Не то чтобы такие, как Пастернак, были чрезмерно распространенным типом, но у него были свои счеты. Он решил своей жизнью заплатить за свою мать, своей жертвой – за ее жертвенность.
Свобода дана человеку на все времена одинаково, и в молодости Розалия Исидоровна сделала свой свободный выбор так же свободно, как мы выбираем более розовые или более лиловые тона для платья – совершенно вольно, не жертвуя ничем для осуществления желания выбрать лиловый и не требуя наград и признания за выбор розового. Сколь ни могуч был пианистический талант мадемуазель Кауфман – она рожала детей.
Жертва – какое-то неосторожное, запечатывающее слово. Никому не нужные и ни на что не пригодные сорванные печати плавают по поверхности жизни, а ими хотели удержать давление в атмосферы – вернее, эту их роль просто, для красного словца, так называют. Кому, чем и почему пожертвовала Роза Кауфман? Ну не вышла бы замуж, разъезжала бы с концертами по России, не имея дома, преподавала бы в Одесской консерватории – бесполая (надеюсь, не имела бы в любовниках студентов, а смирные профессора и сами не стали бы связываться с талантливой, преданной делу, несексапильной и эксцентричной преподавательницей). Сделала ли бы мировую карьеру и мировое имя? Жертву принесла, Борис Леонидович, Мария Юдина, одинокая, больная, преданная музыке и религии (требовалось вербальное, философское тепло, предания и обычаи, огонь музыки слишком высок и стерилен даже для девственницы), а не Роза Кауфман. Отказаться от семьи – гораздо большая жертва. Не отказаться ни от чего, ничем не пожертвовать, поставить все в подчинение себе, а когда подарок отняли – весьма рационально не стать в непродуктивную позу жертвы, настоять, чтобы выплачивали компенсацию, могла только Евгения Лурье. Только это – среди наших героев. В жизни эти типы в каком-то определенном соотношении к популяции встречаются регулярно; они бесплодны и самодостаточны, уходящие бесследно. Если ты не погибнешь – не возродишься. «Забери Женю сейчас, а не когда-то там». Женя не погибла. Но жить хотела – вечно.

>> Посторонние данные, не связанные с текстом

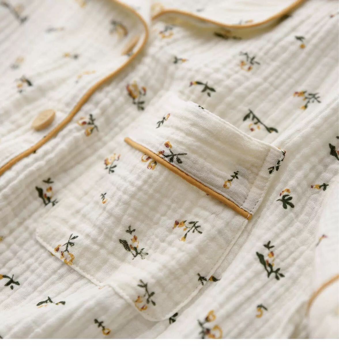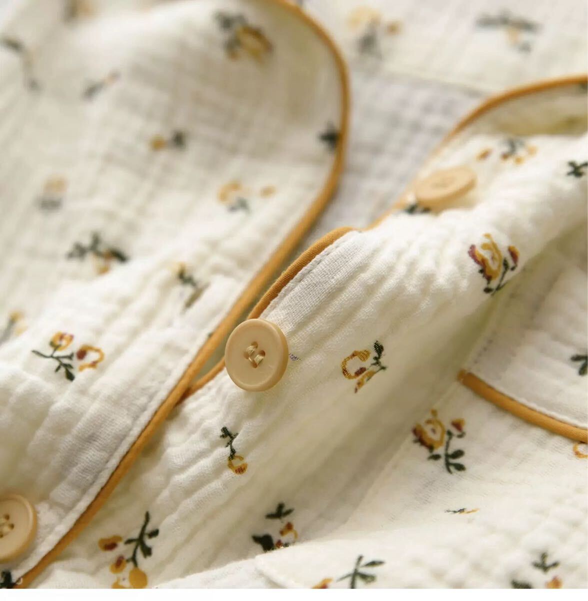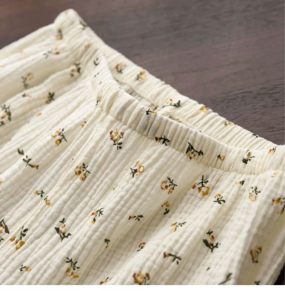 【ダブルガーゼ】薄い綿のガーゼを2枚合わせにした生地のことをいいます。生地と生地の間に空気の層ができることにより、保温性もあり寝冷え対策に適した素材です。

Погружаясь в семью, даже желая отвязаться от этой семьи, но действуя нерадикально, Пастернак не оставил Женю, стоившую ему неимоверных сил (взять одни письма, которые сын восторженно называет «не имеющими равных в эпистолярном жанре», – нелюбимой тяготящей жене), с Жененком просто так на произвол судьбы в 1926 году. Он заботливо, старательно, весьма выгодно пристраивал их ЗА ГРАНИЦУ (это многое значит для новосоветских людей; погружаясь в семью, человек теряет свое индивидуалистское достоинство)! Борис Пастернак не бросал семью, а откупался – тем единственно доступным ему капиталом, который вроде не должен был пачкать ему руки. Не случилось.

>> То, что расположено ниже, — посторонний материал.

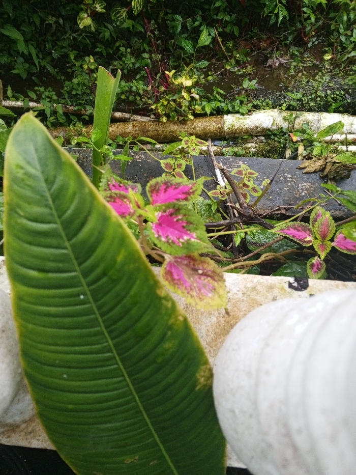 This image captures a close-up view of dense, wet tropical foliage and human-made elements in Khe Sanh Commune, Vietnam. In the foreground, a large, dark green, elongated leaf with prominent parallel veins occupies the lower left portion of the frame. Its right edge exhibits a slight yellowish discoloration. To the right of this leaf, a curved, white, textured object, likely a ceramic or concrete planter, is partially visible, showing some dark speckles. The midground features several smaller plants with distinctive variegated leaves, displaying vibrant pink centers fading to green and yellow edges, indicative of Coleus plants. These are situated within what appears to be a dark, flat planting bed or container edge, supported by a lighter, rough-textured base. Scattered among these plants are thin, dark, dried twigs or branches. The background consists of an intensely green, overgrown area, suggesting a natural and damp environment. Horizontally across the mid-to-background, two sections of cylindrical white pipes, possibly PVC, are visible, partially obscured by dirt and algae, and surrounded by more dense green undergrowth. Below these pipes, the ground appears dark and wet, consistent with moist soil or a small water accumulation. No individuals are present.

Женю с Жененком – вернее, в 26-м году речь (речь, не мысли) шла только о сыне – сбыть на руки родственникам не удалось. Они не захотели даже за деньги, и Пастернак пускается на последнее средство, которое ослабевший дух предоставляет ему как утешение: он пишет сестриному мужу Феде, отказавшемуся «радостно принять» на себя заботы о сыне Бориса и Евгении (принять – значит взять жить к себе в дом), письмо – язвительное и с подтекстом. Вот на такие поступки люди идут ради семей, даже ради распада семей. Бенефицианту, естественно, все это не кажется чрезмерным. «Папино письмо к Феде сохранилось у Жони в Оксфорде. Оно <>содержит благодарность за «ласку и тепло», которые он расточал маме и мне. Скрытый смысл письма усматривается лишь в чрезмерно подчеркнутой признательности за то, что наше пребывание нарушило «привычную тишину раз навсегда по своему и Жониному вкусу заведенного тона». Но в особенности, писал ему папа, повышает мою признательность, и как раз к тебе, то повышенное чувство, которое к тебе питает мальчик, выделив тебя из общих семейных симпатий».
Существованья ткань сквозная. Борис Пастернак. Переписка… Стр. 214.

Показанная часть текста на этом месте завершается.